A k skipgram is an ngram which is a superset of all ngrams and each (k-i )skipgram till (k-i)==0 (which includes 0 skip grams). So how to efficiently compute these skipgrams in python?

Following is the code i tried but it is not doing as expected:

<pre>
    input_list = ['all', 'this', 'happened', 'more', 'or', 'less']
    def find_skipgrams(input_list, N,K):
  bigram_list = []
  nlist=[]

  K=1
  for k in range(K+1):
      for i in range(len(input_list)-1):
          if i+k+1<len(input_list):
              nlist=[]
              for j in range(N+1):
                  if i+k+j+1<len(input_list):
                    nlist.append(input_list[i+k+j+1])

          bigram_list.append(nlist)
  return bigram_list

</pre>

The above code is not rendering correctly, but print find_skipgrams(['all', 'this', 'happened', 'more', 'or', 'less'],2,1) gives following output

[['this', 'happened', 'more'], ['happened', 'more', 'or'], ['more', 'or', 'less'], ['or', 'less'], ['less'], ['happened', 'more', 'or'], ['more', 'or', 'less'], ['or', 'less'], ['less'], ['less']]

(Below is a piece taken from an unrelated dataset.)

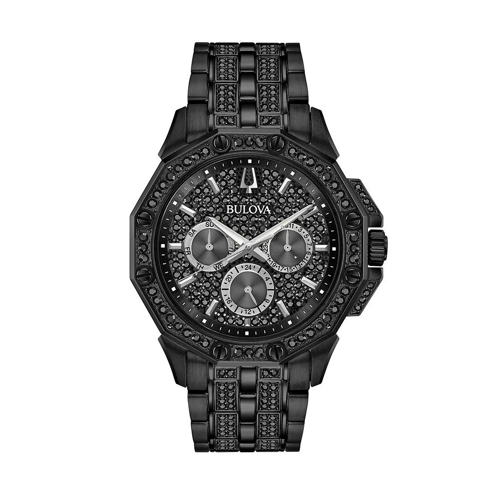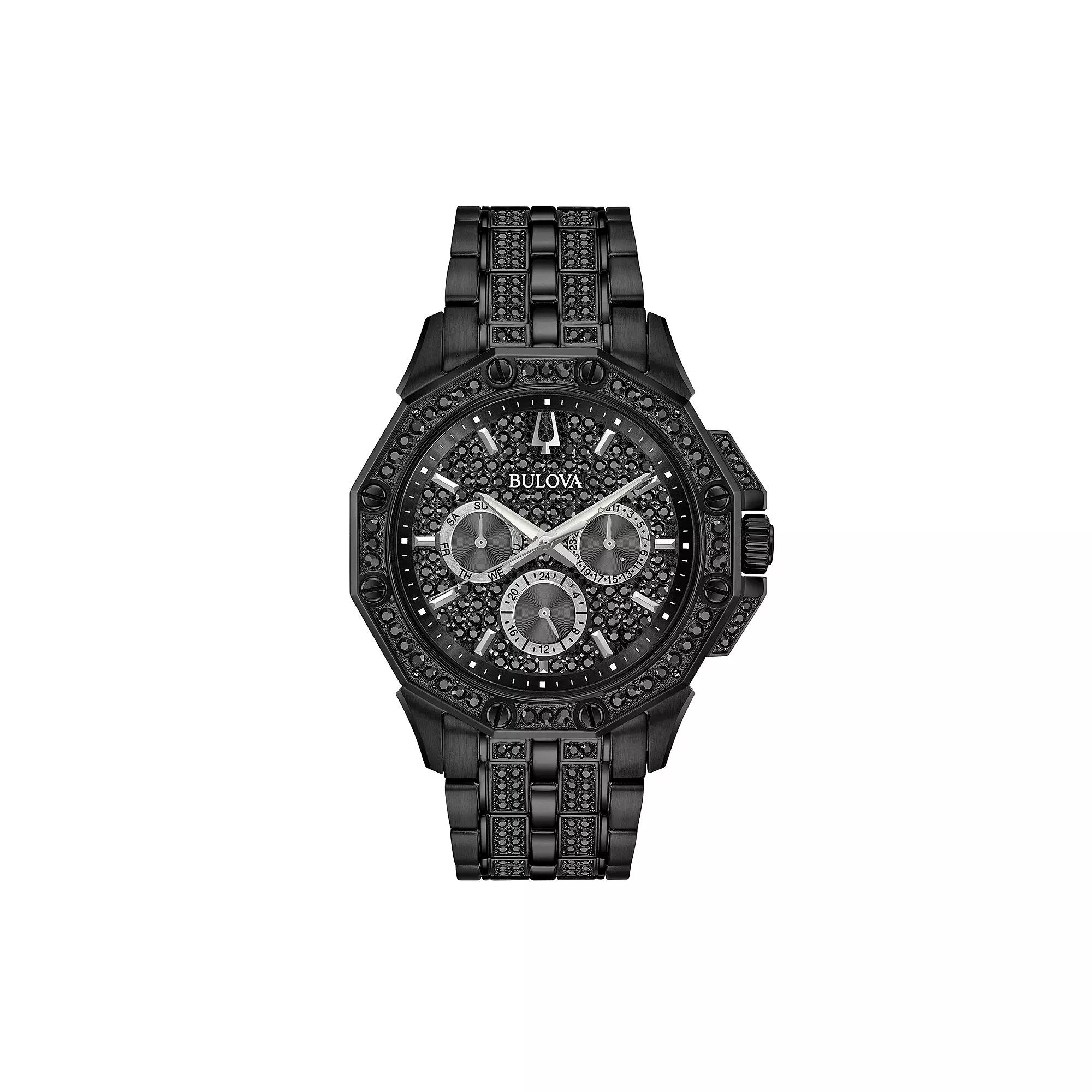 This Mens Bulova Octava crystal accented chrono bracelet watch is a multi-functional dress watch. Its design is boldly embellished with 300 crystals on its black tone stainless steel case and bracelet with a pave set black dial. Water resistance to 30 meters. Case Diameter: 32mm. Limited Manufacturers Warranty.

The code listed here also does not give correct output: https://github.com/heaven00/skipgram/blob/master/skipgram.py

print skipgram_ndarray("What is your name") gives: ['What,is', 'is,your', 'your,name', 'name,', 'What,your', 'is,name']

name is a unigram!


Solution

  • From the paper that OP links, the following string:

    Insurgents killed in ongoing fighting

    Yields:

    2-skip-bi-grams = {insurgents killed, insurgents in, insurgents ongoing, killed in, killed ongoing, killed fighting, in ongoing, in fighting, ongoing fighting}

    2-skip-tri-grams = {insurgents killed in, insurgents killed ongoing, insurgents killed fighting, insurgents in ongoing, insurgents in fighting, insurgents ongoing fighting, killed in ongoing, killed in fighting, killed ongoing fighting, in ongoing fighting}.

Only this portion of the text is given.